United States District Court, D. Arizona

August 1, 2018

Deep Wilcox Oil & Gas LLC, et al., Plaintiffs,
Texas Energy Acquisitions LP, et al., Defendants.


          Honorable John J. Tuchi United States District Judge

         At issue is Defendants' Motion to Dismiss (Doc. 18, Mot.), to which Plaintiffs filed a Response (Doc. 2, Resp.) and Defendants filed a Reply (Doc. 29, Reply). In this Order, the Court will also address but not fully resolve Plaintiffs' Motions to Amend (Docs. 19, 21). The Court finds these matters appropriate for resolution without oral argument. See LRCiv 7.2(f). For the reasons that follow, the Court will grant in part Defendants' Motion to Dismiss and transfer this case to the Southern District of Texas, Houston Division.

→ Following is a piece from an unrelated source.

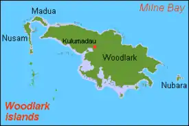 La isla Woodlark, conocida por sus habitantes como Woodlark, Muyuw o Muyua;[1] y Murua por los habitantes de algunas islas vecinas, es una isla papú. Es la isla principal de un pequeño archipiélago que lleva su nombre, junto las islas Madau y Nusam, situadas al oeste, y las islas Nubara y las Marshall Bennett, situadas al este. Originalmente tuvo minas de oro, aunque ahora basa gran parte de su economía en la producción de ébano.[4]

         As a threshold matter, the Court addresses Defendants' Amended Notice of Removal (Doc. 32). Defendants removed this case from Arizona state court. (Doc. 1.) In a recent Order (Doc. 31), the Court required Defendants to amend the Notice of Removal to provide further detail as to the citizenship of the limited liability company (LLC) and limited partnership (LP) parties, so the Court could determine if it has diversity jurisdiction over this matter. Upon review, the Court finds that Defendants' allegations in the Amended Notice of Removal (Doc. 32) are sufficient to demonstrate the Court's subject matter jurisdiction at the time of Defendants' removal of this case.


         This case arises out of an oil exploration agreement or agreements, allegedly entered into by Defendants Texas Energy Acquisitions LP (TEA) and “by law” Alta Mesa GP LLC (GP)-both Texas entities-and Plaintiffs Deep Wilcox Oil & Gas LLC (Deep Wilcox) and Hankerson Oil LLC-both Arizona entities. In 2009, TEA, and “by law” GP, sought out Plaintiffs to invest in the exploration and development of TEA's oil well, Herrin Well #1. TEA representatives made a one-time visit to Phoenix, Arizona to attend Plaintiffs' investor meetings and discuss Herrin Well #1 in person. This well is located in Liberty County, Texas. (Doc. 14, First Am. Compl. (FAC) ¶¶ 12-14, 23.) The parties agreed to a working interest ownership in the well for Plaintiffs in exchange for funds and then drafted an Exploration Agreement. (FAC ¶ 17.) Plaintiffs remained in Arizona during the negotiation and drafting period, and Defendants remained in Texas. (FAC ¶ 18.)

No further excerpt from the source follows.